Task instructions
Please restate the entries verbatim. The copy should hold no pictures.

[Saved data entries]
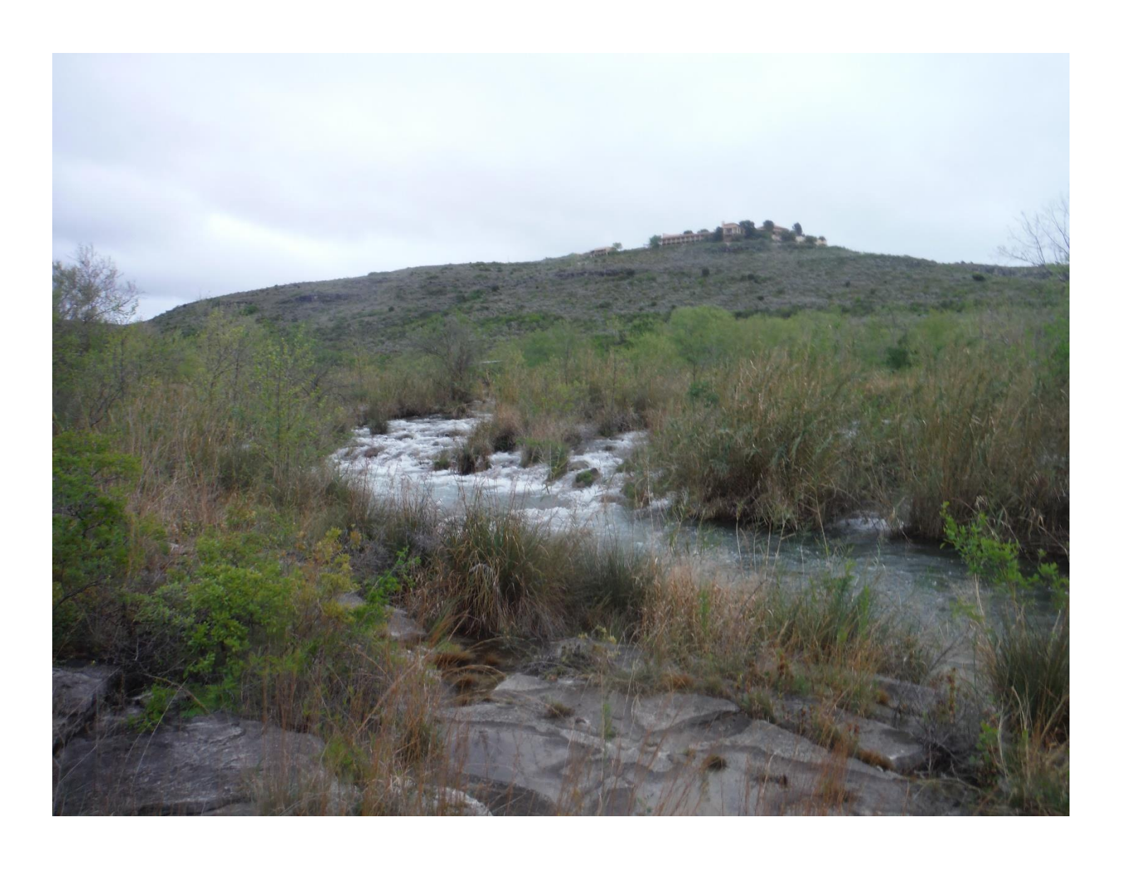
Three Tier Rapid at Mile 17 is complex CIII and it is listed as a "hazard" on the Devil River Texas Paddlers Map.
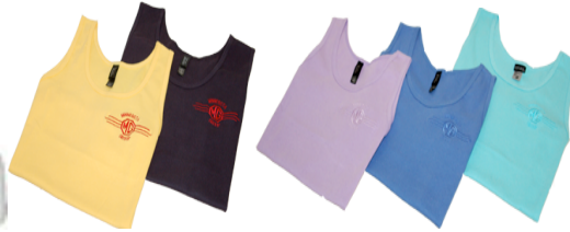
MMGG Tank Tops $12.50 each
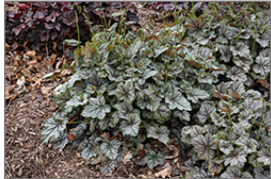
Green Spice Coral Bells

Green Spice Coral Bells is a fine choice for the garden, but it is also a good selection for planting in outdoor pots and containers. With its upright habit of growth, it is best suited for use as a 'thriller' in the 'spiller-thriller-filler' container combination; plant it near the center of the pot, surrounded by smaller plants and those that spill over the edges. Note that when growing plants in outdoor containers and baskets, they may require more frequent waterings than they would in the yard or garden.
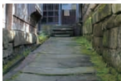
Flagstone that was carried by Sengokubune freight ship.
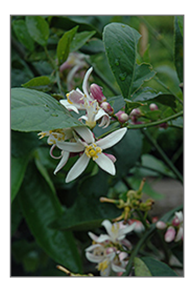
Improved Meyer Lemon flowers

This plant is typically grown in a designated edibles garden. It does best in full sun to partial shade. It prefers to grow in average to moist conditions, and shouldn't be allowed to dry out. It is not particular as to soil type or pH. It is somewhat tolerant of urban pollution. This particular variety is an interspecific hybrid.
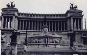
Victoria Embankment in London
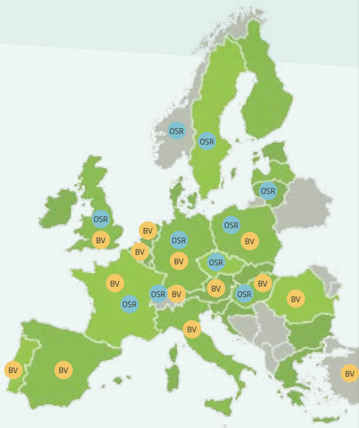
Main oilseed rape (OSR) and Brassica vegetable (BV) producing countries in Europe
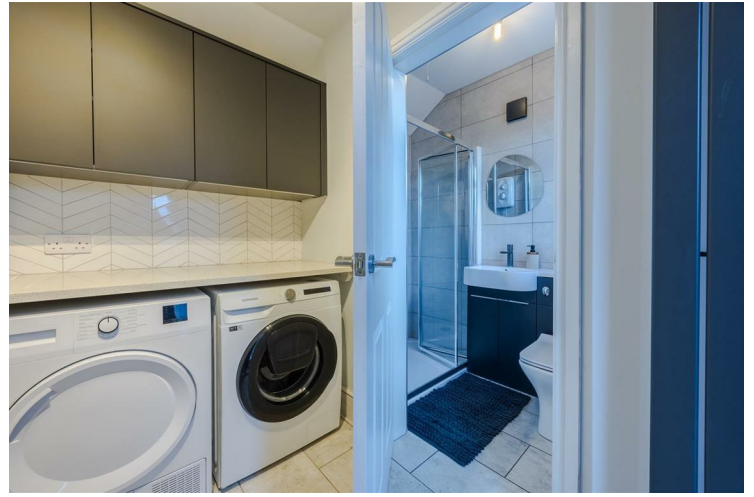
Utility 4'6" x 7'3" (1.39 x 2.22)
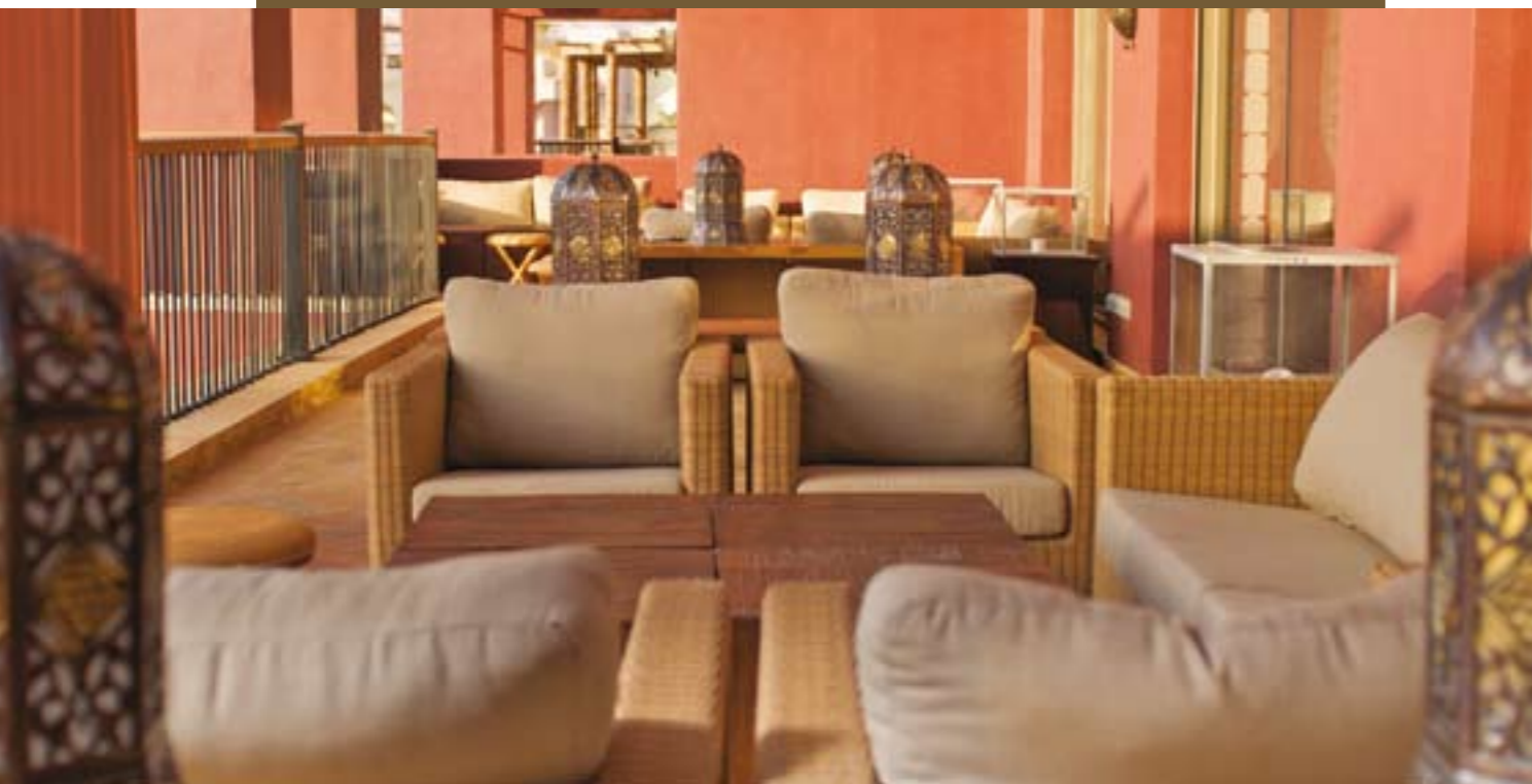
Mövenpick Resort Tala Bay Aqaba
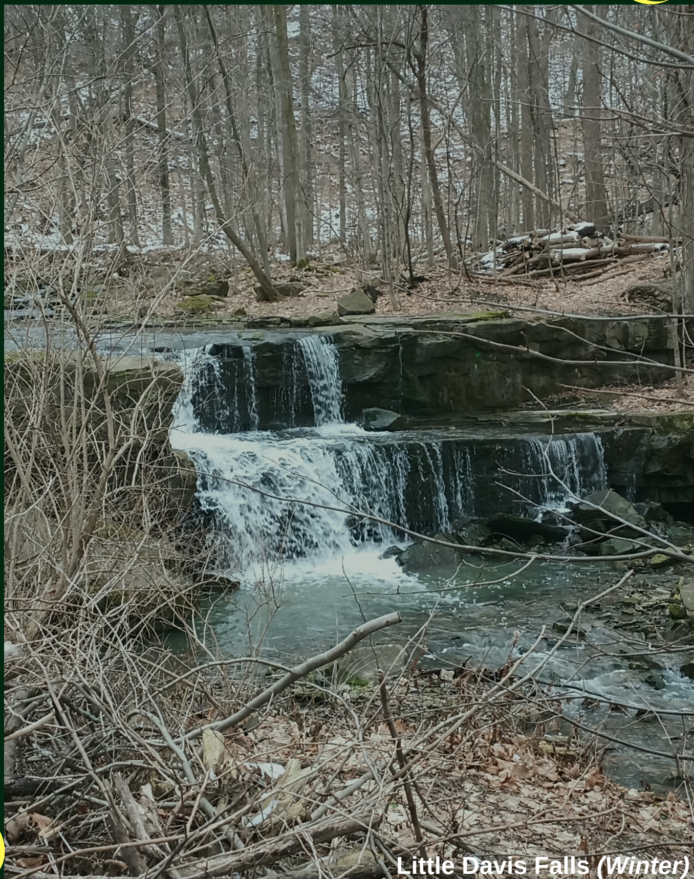
Little Davis Falls (Winter)
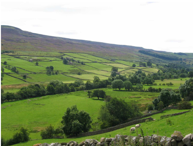
Yorkshire Dales

It is our wish to exchange our own experiences with Farming for Nature and other Green and Blue Services initiatives with the people behind other innovative initiatives that try to combine farming and nature (see Annex 3). Such a meeting may yield valuable recommendations for other initiators, but also regional and national governments and the European Commission.
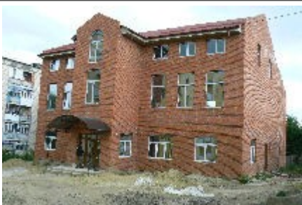
Nearby Zdolbuniv, daughter church
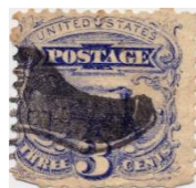
WATERBURY, CONN "CONGRESS GAITER"
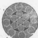
Locked Coil Aerial Cable or Colliery Guide.

Solution
Three Tier Rapid at Mile 17 is complex CIII and it is listed as a "hazard" on the Devil River Texas Paddlers Map.
MMGG Tank Tops $12.50 each
Green Spice Coral Bells

Green Spice Coral Bells is a fine choice for the garden, but it is also a good selection for planting in outdoor pots and containers. With its upright habit of growth, it is best suited for use as a 'thriller' in the 'spiller-thriller-filler' container combination; plant it near the center of the pot, surrounded by smaller plants and those that spill over the edges. Note that when growing plants in outdoor containers and baskets, they may require more frequent waterings than they would in the yard or garden.
Flagstone that was carried by Sengokubune freight ship.
Improved Meyer Lemon flowers

This plant is typically grown in a designated edibles garden. It does best in full sun to partial shade. It prefers to grow in average to moist conditions, and shouldn't be allowed to dry out. It is not particular as to soil type or pH. It is somewhat tolerant of urban pollution. This particular variety is an interspecific hybrid.
Victoria Embankment in London
Main oilseed rape (OSR) and Brassica vegetable (BV) producing countries in Europe
Utility 4'6" x 7'3" (1.39 x 2.22)
Mövenpick Resort Tala Bay Aqaba
Little Davis Falls (Winter)
Yorkshire Dales

It is our wish to exchange our own experiences with Farming for Nature and other Green and Blue Services initiatives with the people behind other innovative initiatives that try to combine farming and nature (see Annex 3). Such a meeting may yield valuable recommendations for other initiators, but also regional and national governments and the European Commission.
Nearby Zdolbuniv, daughter church
WATERBURY, CONN "CONGRESS GAITER"
Locked Coil Aerial Cable or Colliery Guide.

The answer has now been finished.